$A$ mass $m$ is placed at $P$ at a distance $h$ along the normal through the centre $O$ of a thin circular ring of mass $M$ and radius $r$. If the mass is moved further away such that $OP$ becomes $2h$,by what factor will the force of gravitation decrease,if $h = r$?

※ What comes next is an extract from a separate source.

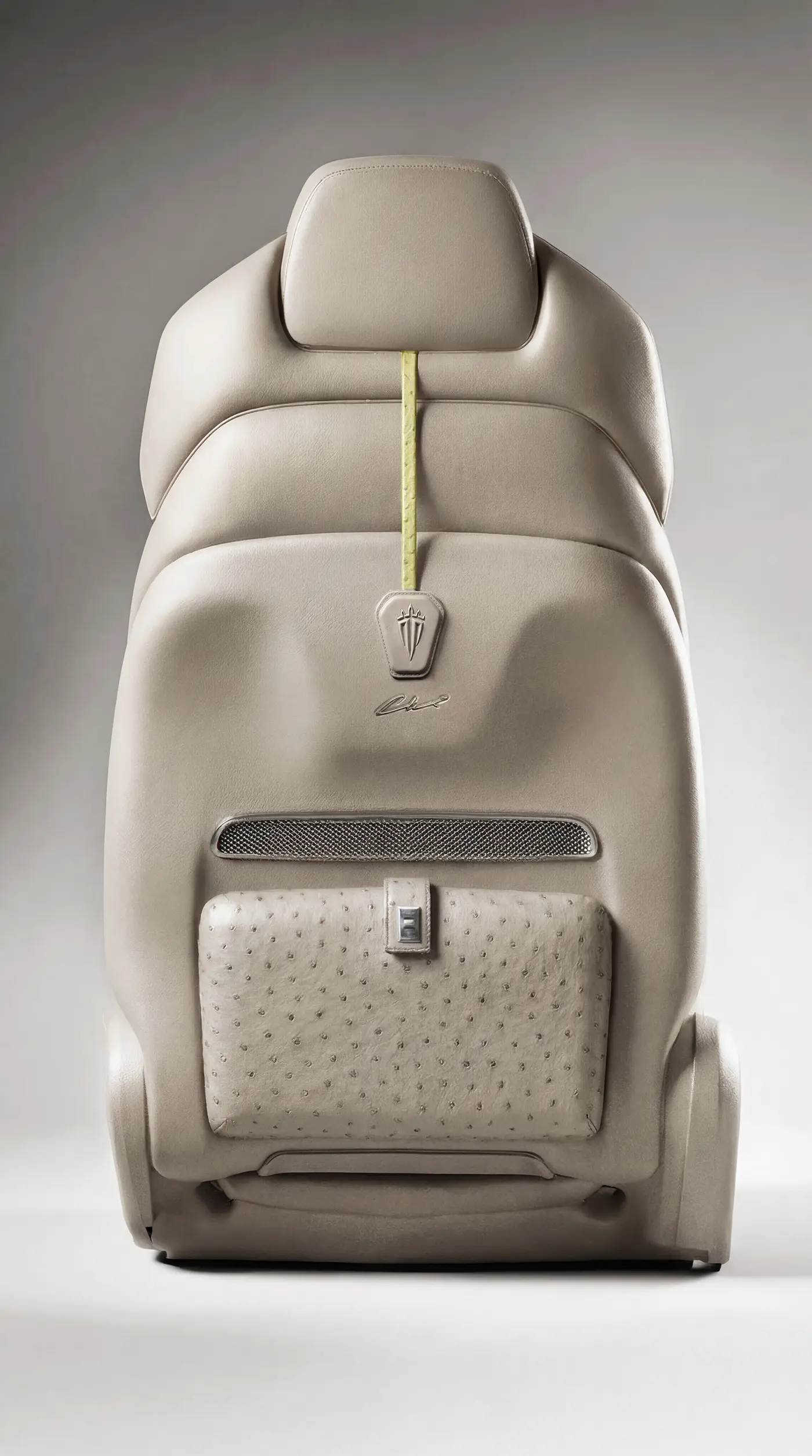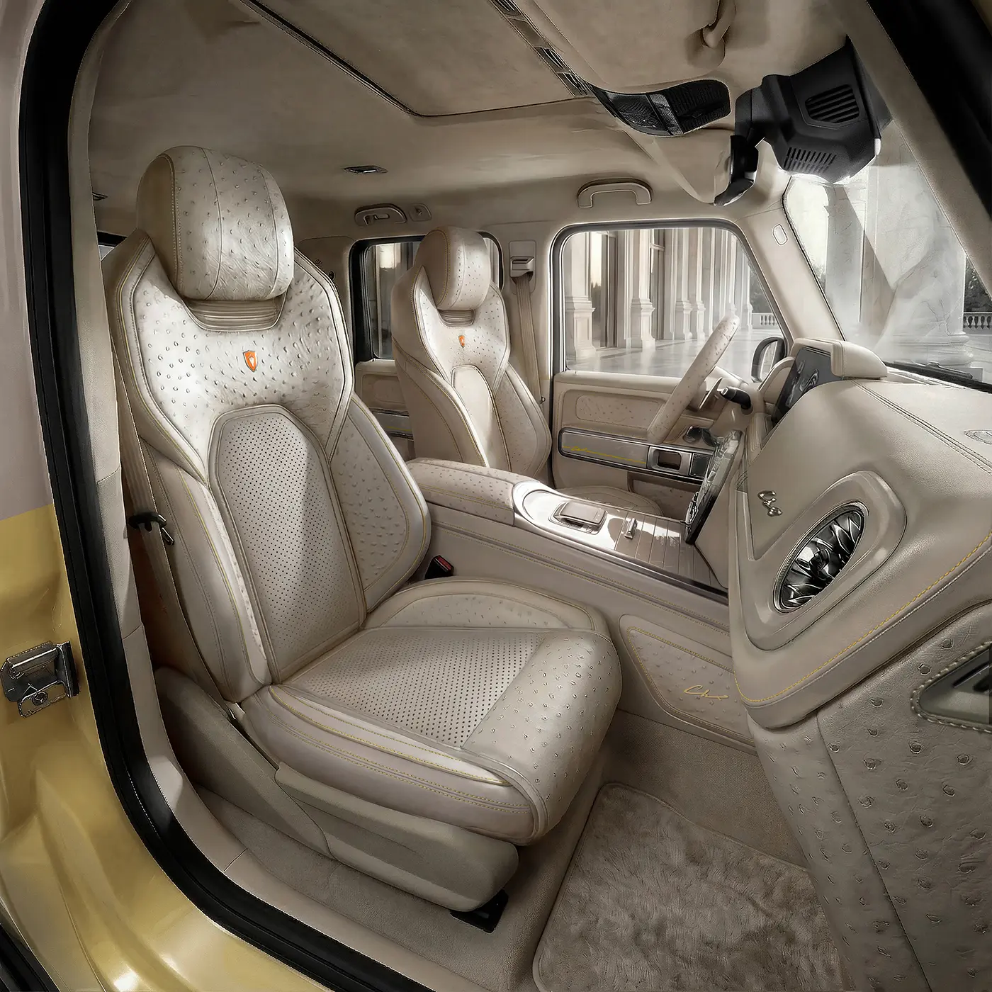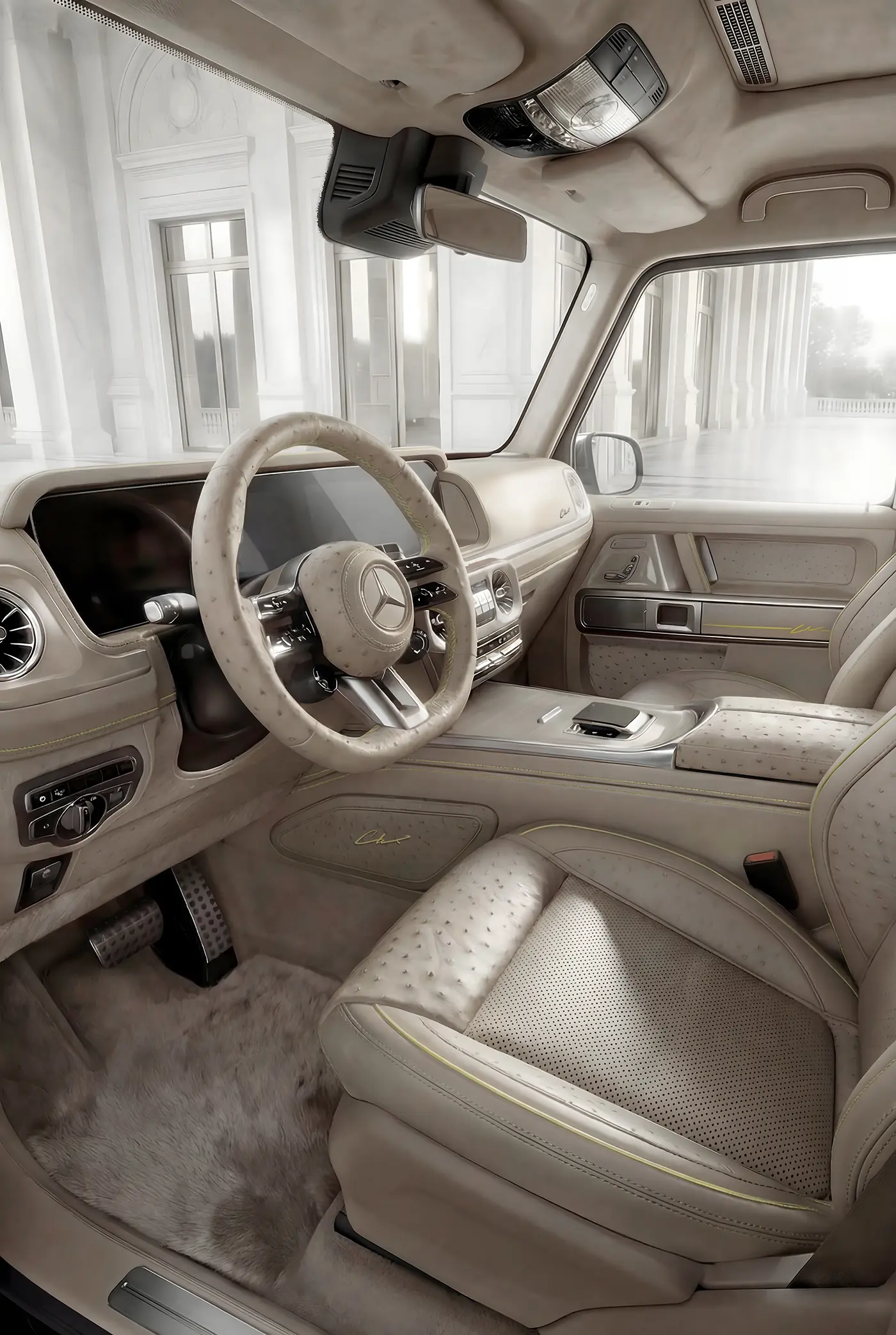 Inside, the composition becomes warmer and more tactile. The cabin is upholstered in rare ostrich leather in soft beige tones, chosen for its natural texture and refined presence.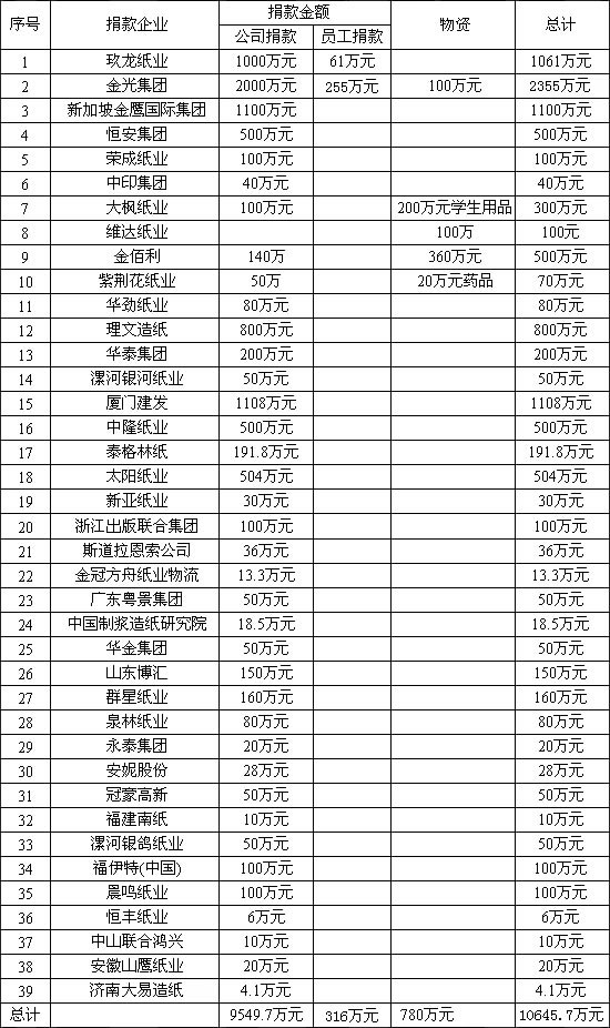 造紙行業(yè)抗震救災愛心捐贈最新進展(更新中)

(A) The gravitational force $F$ acting on a mass $m$ placed at a distance $h$ along the axis of a circular ring of mass $M$ and radius $r$ is given by:
$F = \frac{GMmh}{(r^2 + h^2)^{3/2}}$
When the mass is moved to a distance $2h$,the new force $F'$ is:
$F' = \frac{GMm(2h)}{(r^2 + (2h)^2)^{3/2}} = \frac{2GMmh}{(r^2 + 4h^2)^{3/2}}$
Given $h = r$,we substitute this into the expressions:
$F = \frac{GMmr}{(r^2 + r^2)^{3/2}} = \frac{GMmr}{(2r^2)^{3/2}} = \frac{GMm}{2\sqrt{2}r^2}$
$F' = \frac{2GMmr}{(r^2 + 4r^2)^{3/2}} = \frac{2GMmr}{(5r^2)^{3/2}} = \frac{2GMm}{5\sqrt{5}r^2}$
Now,calculating the ratio $F'/F$:
$\frac{F'}{F} = \frac{2GMm}{5\sqrt{5}r^2} \times \frac{2\sqrt{2}r^2}{GMm} = \frac{4\sqrt{2}}{5\sqrt{5}}$
Thus,the force decreases by a factor of $\frac{4\sqrt{2}}{5\sqrt{5}}$.